BR TO OTTOLINE MORRELL, [28 MAY 1911]
BRACERS 17166. ALS. Morrell papers #92, Texas. SLBR 1: #169
Edited by N. Griffin. Proofread by K. Blackwell and A. Duncan


<letterhead>
Seventeen,
Carlyle Square,
Chelsea, S.W.1, 2
Sunday night

My Dearest Life

Sunday in London is a dreadful day, with no letters coming in. By going to the main South-Western Post Office, I managed to post a letter which I hope will reach you by the first post tomorrow, and I hope I shall get a letter from you then too. I have had endless painful talk with the Whiteheads, both of them, till I am sick of the whole sordid coil. I am tired and my head is aching. I told them I had offered Alys bogus evidence if she wanted a divorce, and they thought the offer ought to be repeated — that it would probably not be accepted, but Logan would then be against anything else. I could not say anything definite, because of course even that would in fact involve you more or less, and you might feel it better to break. It wouldn’t of course matter to me, because none of my friends would believe it. For my part, I think it an excellent plan. Alys has a right to be free if she wishes it, and if she rejects that offer it shows that she only wants to ruin you, which she couldn’t admit even to herself. I shall hear tomorrow afternoon what Alys and Logan have said. Apparently they are likely to tell all their family. And that will make it harder for them to do nothing.

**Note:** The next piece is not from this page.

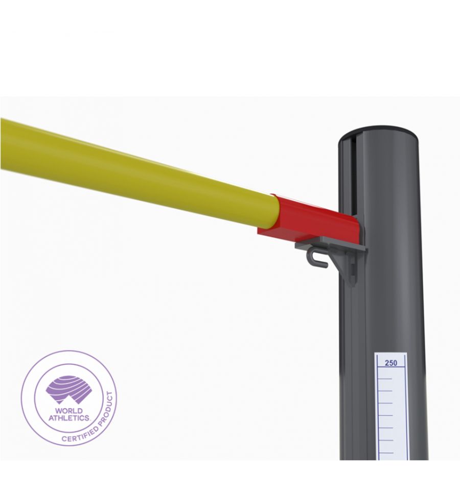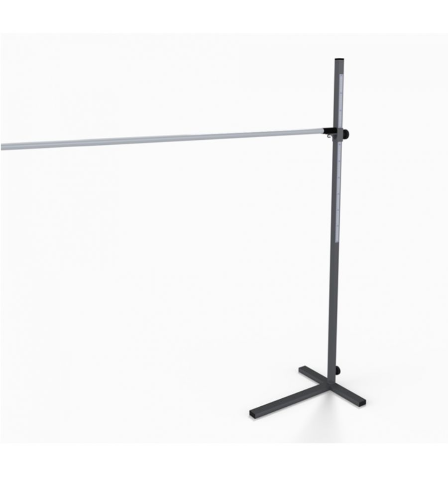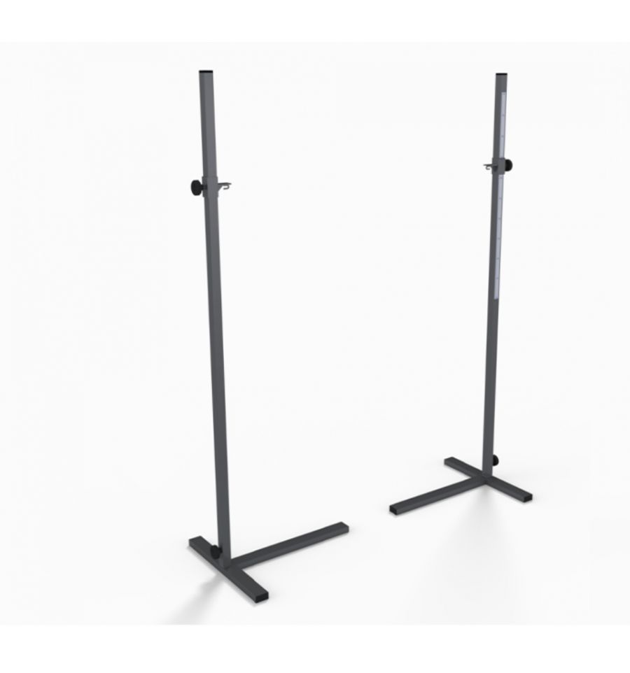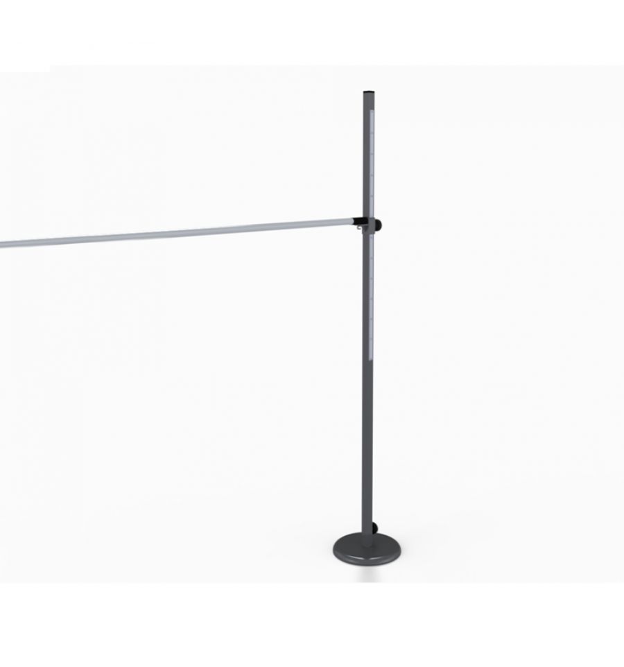 Ce modèle est en acier galvanisé avec un pied de 60 x 30 mm, sa hauteur est réglable de 1 m à 2 m. De plus, il possède un ruban métré adhésif à partir de 1 m de hauteur. La barre de support est donc ajustable jusqu'à 2 m de hauteur et les taquets présents permettent de poser la barre de saut.

The Whiteheads were out this evening so I went to dine with the Sangers. He went off early to go to a play, and I was left with Dora. She didn’t say anything spiteful, and was rather nice, but not interesting.

Dearest, if you feel you ought to break with me now while there is time, don’t mind saying so. The danger — and it is very real I think — is that Alys will do something sudden in an access of rage, which she would no doubt regret all the rest of her life — but half an hour’s madness would be enough. If you feel it right to break now, I shall acquiesce. And it would not necessarily be for ever. But I would rather you decided in my absence and I would rather not see you again after you decideda — it would be too great a tax upon one’s strength. I do not feel that you are safe unless you break with me. I think it probable all will go well, but not certain. —b The plan of a bogus case has one great advantage, that if she accepts it her power is at an end — she can do nothing further ever. That makes me favour it, as well as other reasons. It is intolerable being in her power, and until there is a divorce that will continue. — You needn’t imagine you would be accepting a sacrifice on my part. The relief of being really free from her would entirely outweigh the apparent disgrace, which in any case would not affect my friends. And as far as I am concerned, there isc only one thing of real importance, which is to find a way of not losing you and yet not ruining you. Things like reputation and so on are the merest dross — even from the point of view of work and general usefulness they are of less importance, because now if I had to face life without you I should find it very hard to keep the energy necessary for work. Things go round and round in my head till I feel mad, and just wish it was all ended somehow, no matter how. If only one could fight them — it is doing nothing that is so trying. — The Whiteheads always depress me — I dare say I shall be thoroughly cheerful again when I get away — but I must say they have more reason this time than usual. The uncertainty is terribly trying. —

I am reckoning on arriving at Henley at 4.46 on Tuesday, if that is not too early for you, and you are not afraid of my coming. It is hopeless to try to tell you how I long for you. If you want me to come later, or not to come, please wire tomorrow to Carlyle Square. Dearest all this horror is making me love you more and more — But you mustn’t feel you are bound to me in any way — if you think it right to break, you must. But O my heart, life would be a parched desert without you — I would do my best, for your sake — but it would be so empty that it would be hard to achieve much of a life.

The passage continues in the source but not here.